> [Work to complete]:
Copy all records exactly; omit pictures.

[Start of Attachment]

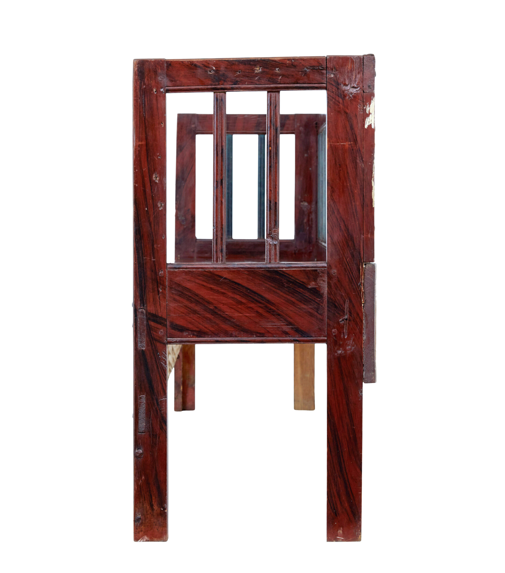 UPRIGHT BACK WHICH LENDS ITSELF PERFECTLY TO BEING USED IN A HALLWAY OR CLOAKROOM, OR AROUND THE KITCHEN DINING TABLE. PLUM COLOURED BASE PAINT WITH HAND PAINTED DARKER COLOURS TO SIMULATE A GRAIN EFFECT, BACK SUPPORTS PAINTED IN A CONTRASTING GREEN.
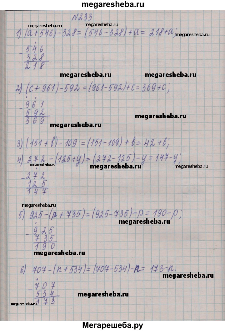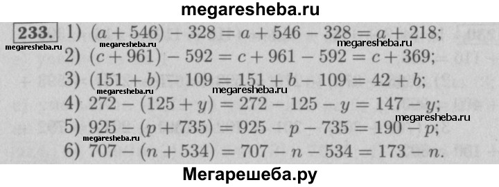 233. Упростите выражение: 1) (а + 546) - 328; 2) (с + 961) -592; 3) (151 +b)- 109; 4) 272-(125 + у); 5) 925-(p + 735); 6) 707-(n + 534).
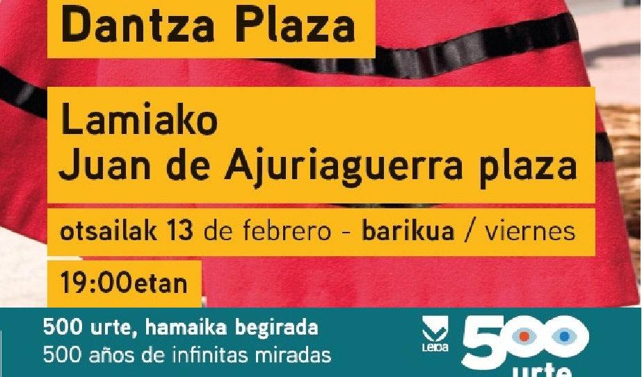 El programa conmemorativo del 500 aniversario de Leioa continúa este viernes, 13 de febrero, con la celebración de la segunda jornada de ‘Dantza Plaza 500’, una propuesta cultural abierta y participativa que tendrá lugar en la plaza Juan de Ajuriaguerra de Lamiako, frente a la estación de metro, a partir de las 19.00 horas.
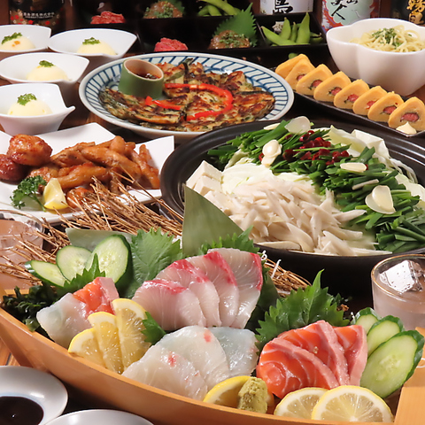 博多駅筑紫口徒歩30秒★もつ鍋又は水炊きから選べるメインや仙台風牛タン等堪能『極コース』5,980円
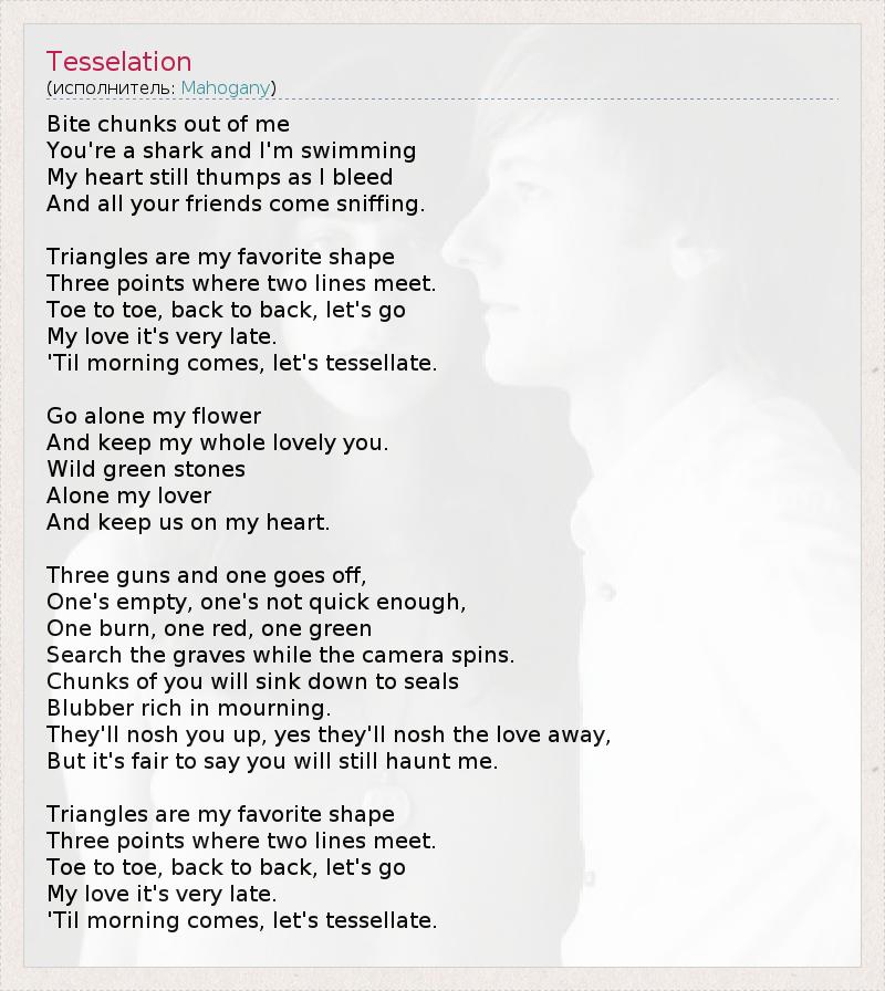 Bite chunks out of me You're a shark and I'm swimming My heart still thumps as I bleed And all your friends come sniffing. Triangles are my favorite shape Three points where two lines meet. Toe to toe, back to back, let's go My love it's very late. 'Til morning comes, let's tessellate. Go alone my flower And keep my whole lovely you. Wild green stones Alone my lover And keep us on my heart. Three guns and one goes off, One's empty, one's not quick enough, One burn, one red, one green Search the graves while the camera spins. Chunks of you will sink down to seals Blubber rich in mourning. They'll nosh you up, yes they'll nosh the love away, But it's fair to say you will still haunt me. Triangles are my favorite shape Three points where two lines meet. Toe to toe, back to back, let's go My love it's very late. 'Til morning comes, let's tessellate.
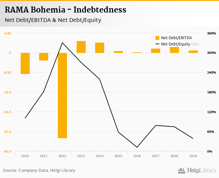 RAMA Bohemia's net debt stood at CZK 49.7 mil and accounted for 38.1% of equity at the end of 2019. The ratio is down 35.9 pp compared to the previous year.
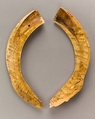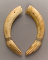 These clappers in the form of human hands were carved from a single hippopotamus tusk that was split in half. Such percussion instruments were used to keep time during dances or as part of a musical ensemble. These examples, however, were found in a miniature coffin at Amarna and seem to have been part of an offering.
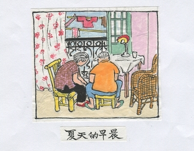 饶平如喜欢丰子恺和叶浅予的画,经常买来学。从妻子去世之后,他开始作画,一方面怀念亡妻,一方面也是给子孙留下记录。孙女饶青欣介绍,他上午打拳,下午喝杯咖啡后,先构思,然后提笔画画。一幅小画,大概需要两个小时。
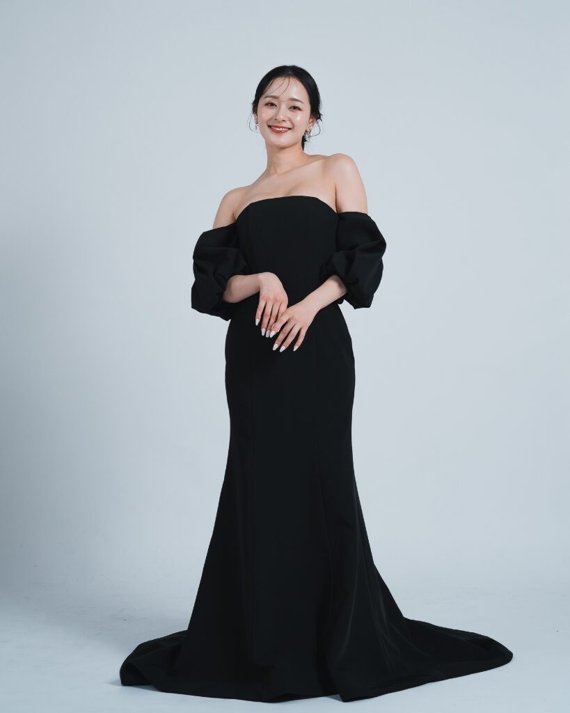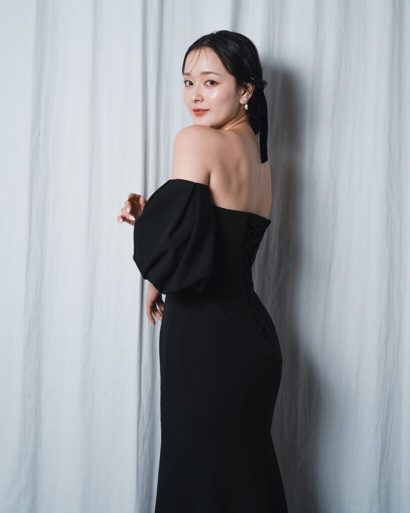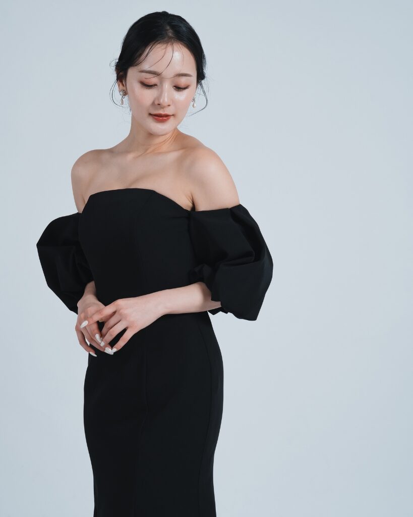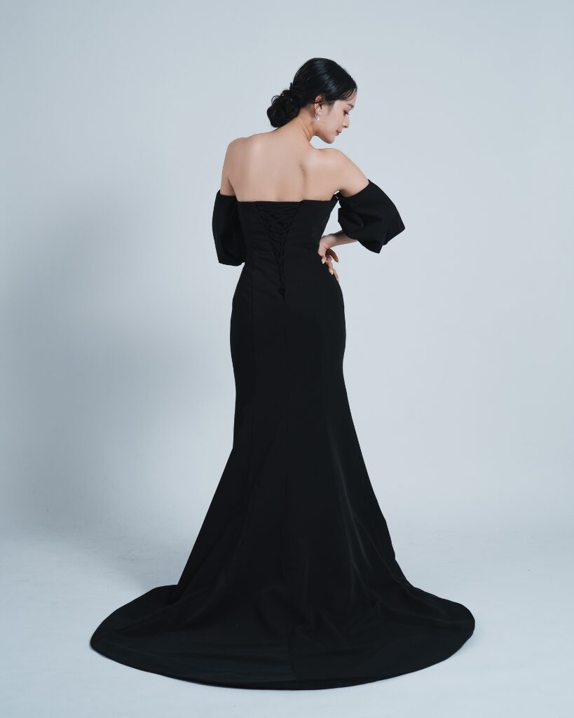 トレンドのブラックドレス。装飾をすべて削ぎ落し、ブーケ・ヘアメイク・アクセサリーによって完成する1着。パフスリーブは取り外しができるため究極のミニマルスタイルも可能です。
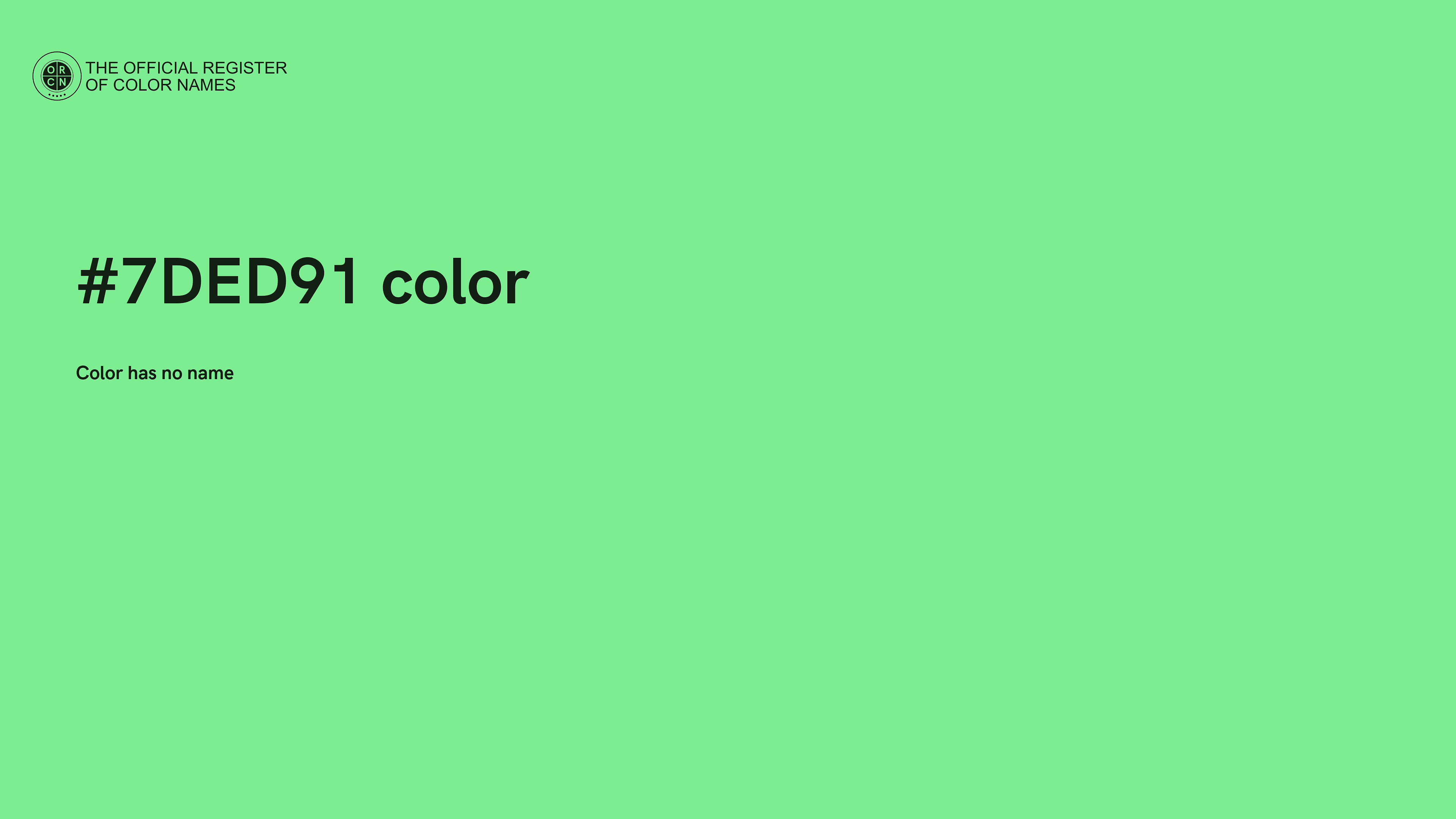 The digital color HEX #7DED91 belongs to the Green Color Family featuring High Saturation (Saturation Family) and Very Light (Brightness Family).

[End of Attachment]

> [Response to the task]:
 UPRIGHT BACK WHICH LENDS ITSELF PERFECTLY TO BEING USED IN A HALLWAY OR CLOAKROOM, OR AROUND THE KITCHEN DINING TABLE. PLUM COLOURED BASE PAINT WITH HAND PAINTED DARKER COLOURS TO SIMULATE A GRAIN EFFECT, BACK SUPPORTS PAINTED IN A CONTRASTING GREEN.
 233. Упростите выражение: 1) (а + 546) - 328; 2) (с + 961) -592; 3) (151 +b)- 109; 4) 272-(125 + у); 5) 925-(p + 735); 6) 707-(n + 534).
 El programa conmemorativo del 500 aniversario de Leioa continúa este viernes, 13 de febrero, con la celebración de la segunda jornada de ‘Dantza Plaza 500’, una propuesta cultural abierta y participativa que tendrá lugar en la plaza Juan de Ajuriaguerra de Lamiako, frente a la estación de metro, a partir de las 19.00 horas.
 博多駅筑紫口徒歩30秒★もつ鍋又は水炊きから選べるメインや仙台風牛タン等堪能『極コース』5,980円
 Bite chunks out of me You're a shark and I'm swimming My heart still thumps as I bleed And all your friends come sniffing. Triangles are my favorite shape Three points where two lines meet. Toe to toe, back to back, let's go My love it's very late. 'Til morning comes, let's tessellate. Go alone my flower And keep my whole lovely you. Wild green stones Alone my lover And keep us on my heart. Three guns and one goes off, One's empty, one's not quick enough, One burn, one red, one green Search the graves while the camera spins. Chunks of you will sink down to seals Blubber rich in mourning. They'll nosh you up, yes they'll nosh the love away, But it's fair to say you will still haunt me. Triangles are my favorite shape Three points where two lines meet. Toe to toe, back to back, let's go My love it's very late. 'Til morning comes, let's tessellate.
 RAMA Bohemia's net debt stood at CZK 49.7 mil and accounted for 38.1% of equity at the end of 2019. The ratio is down 35.9 pp compared to the previous year.
 These clappers in the form of human hands were carved from a single hippopotamus tusk that was split in half. Such percussion instruments were used to keep time during dances or as part of a musical ensemble. These examples, however, were found in a miniature coffin at Amarna and seem to have been part of an offering.
 饶平如喜欢丰子恺和叶浅予的画,经常买来学。从妻子去世之后,他开始作画,一方面怀念亡妻,一方面也是给子孙留下记录。孙女饶青欣介绍,他上午打拳,下午喝杯咖啡后,先构思,然后提笔画画。一幅小画,大概需要两个小时。
 トレンドのブラックドレス。装飾をすべて削ぎ落し、ブーケ・ヘアメイク・アクセサリーによって完成する1着。パフスリーブは取り外しができるため究極のミニマルスタイルも可能です。
 The digital color HEX #7DED91 belongs to the Green Color Family featuring High Saturation (Saturation Family) and Very Light (Brightness Family).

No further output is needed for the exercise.